Os riscos de criar um novo país em África

A colonização de África foi feita com a ajuda da régua e do esquadro, mas os líderes independentistas aceitaram uma espécie de pacto sagrado que impossibilitava a revisão das fronteiras. Isso significou que, mesmo depois da expulsão dos colonizadores europeus, as linhas arbitrárias com que estes dividiram etnias a pensar apenas nos seus interesses políticos e económicos foram mantidas ( o caso do Congo é tão emblemático que mereceu ser tema do mais recente livro do Nobel Mario Vargas Llosa).
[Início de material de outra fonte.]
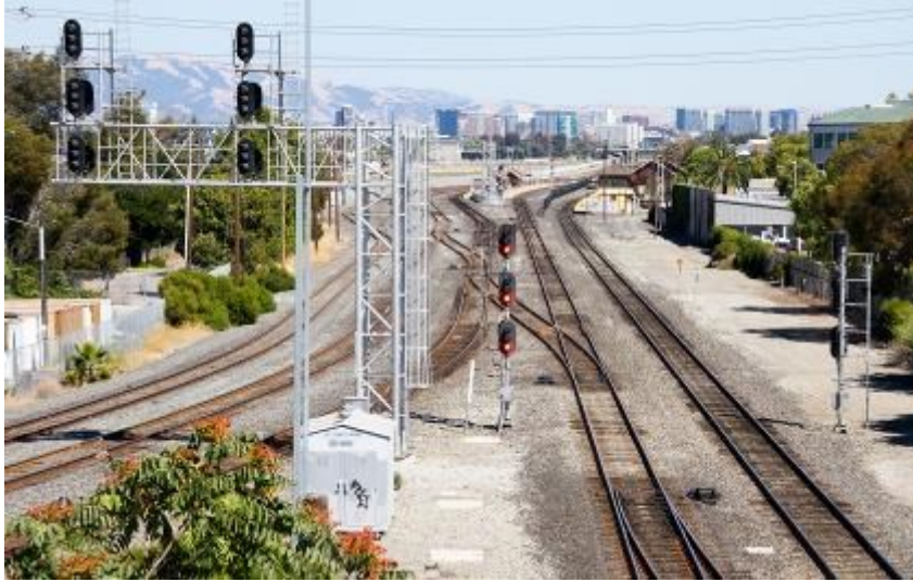
Photo 4 - Current CP Coast and CP De La Cruz Trackage

The second current photo, from a slightly different vantage point, shows better the CP Franklin trackage beyond the depot building. CP Franklin was first created at the time the tower was deactivated, consisting of a RH crossover and a turnout to the Santa Clara Drill. This was very similar to the south (RR east in SP days) portion of the tower plant in its final days. To support the station re-configuration project a LH crossover was added, making CP Franklin also a universal crossover.

Se a intenção óbvia dos líderes independentistas do século XX era evitar uma série de movimentos secessionistas, o credo oficial era que as novas nações seriam capazes de se constituir em fraternidades onde a etnia ou a religião não seriam factores de divisão.
Passado mais de meio século sobre a primeira vaga de independências africanas, é incontável o número de conflitos étnicos no continente, alguns tão graves que assumiram contornos de genocídio, como é o caso do Ruanda em 1994. Contudo, movimentos secessionistas armados de grande fôlego foram raros, talvez com os mais famosos a serem o do Katanga, no Congo, e o do Biafra, na Nigéria, derrotados sem apelo. Outros, como o de Casamansa (face ao Senegal) ou de Cabinda (em relação a Angola), duram há décadas, mas sem hipóteses de sucesso.
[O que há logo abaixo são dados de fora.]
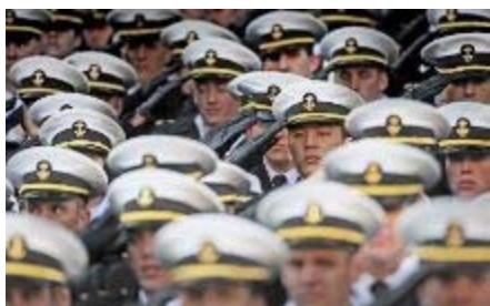
Navy midshipmen render honors during the National Anthem.

Alias, bem analisada a história, o pacto sagrado entre africanos de não mexer nas fronteiras coloniais tem sido respeitado quase a 100%. Tirando o caso da Eritreia, que em 1993 se separou pacificamente da Etiópia, os novos países africanos que vão nascendo são sempre ex-colónias. Por isso a importância desta segunda provável excepção, o Sul do Sudão, um país que a nascer partirá quase ao meio o gigante de África. Tal como caso da Eritreia, o processo está a ser político, depois de uma longa guerra, mas que a violência seja a etapa seguinte não é de descartar. Há demasiado ódio acumulado entre o Norte do Sudão, árabe e islamizado, e o Sul, onde predominam as etnias negras cristãs e animistas. Além disso, as próprias fronteiras ficam por traçar ao pormenor e as zonas de polémica são aquelas onde há petróleo. Deviam entender-se, mas será que acontecerá?
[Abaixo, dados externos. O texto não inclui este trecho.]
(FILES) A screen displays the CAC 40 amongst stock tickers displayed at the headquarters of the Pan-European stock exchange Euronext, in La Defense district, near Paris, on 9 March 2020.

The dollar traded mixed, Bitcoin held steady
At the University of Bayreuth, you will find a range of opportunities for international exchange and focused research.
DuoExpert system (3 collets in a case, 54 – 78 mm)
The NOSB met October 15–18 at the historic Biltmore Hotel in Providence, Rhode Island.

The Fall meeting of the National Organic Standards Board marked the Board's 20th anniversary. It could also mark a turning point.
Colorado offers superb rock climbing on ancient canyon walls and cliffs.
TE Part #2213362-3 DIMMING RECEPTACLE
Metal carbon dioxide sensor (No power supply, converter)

O direito à autodeterminação é reconhecido aos povos de todo o mundo pela ONU. E permitiu que na Ásia, ainda em épocas recentes, Timor-Leste se tornasse independente. Mas o processo de criação de países traz sempre enormes riscos, e em África, onde a mistura étnica, é mesmo a regra, esses riscos são gigantescos. A comunidade internacional deve assim estar vigilante e tudo fazer para que, caso a independência triunfe, as duas metades do Sudão sejam capazes de se separar em paz.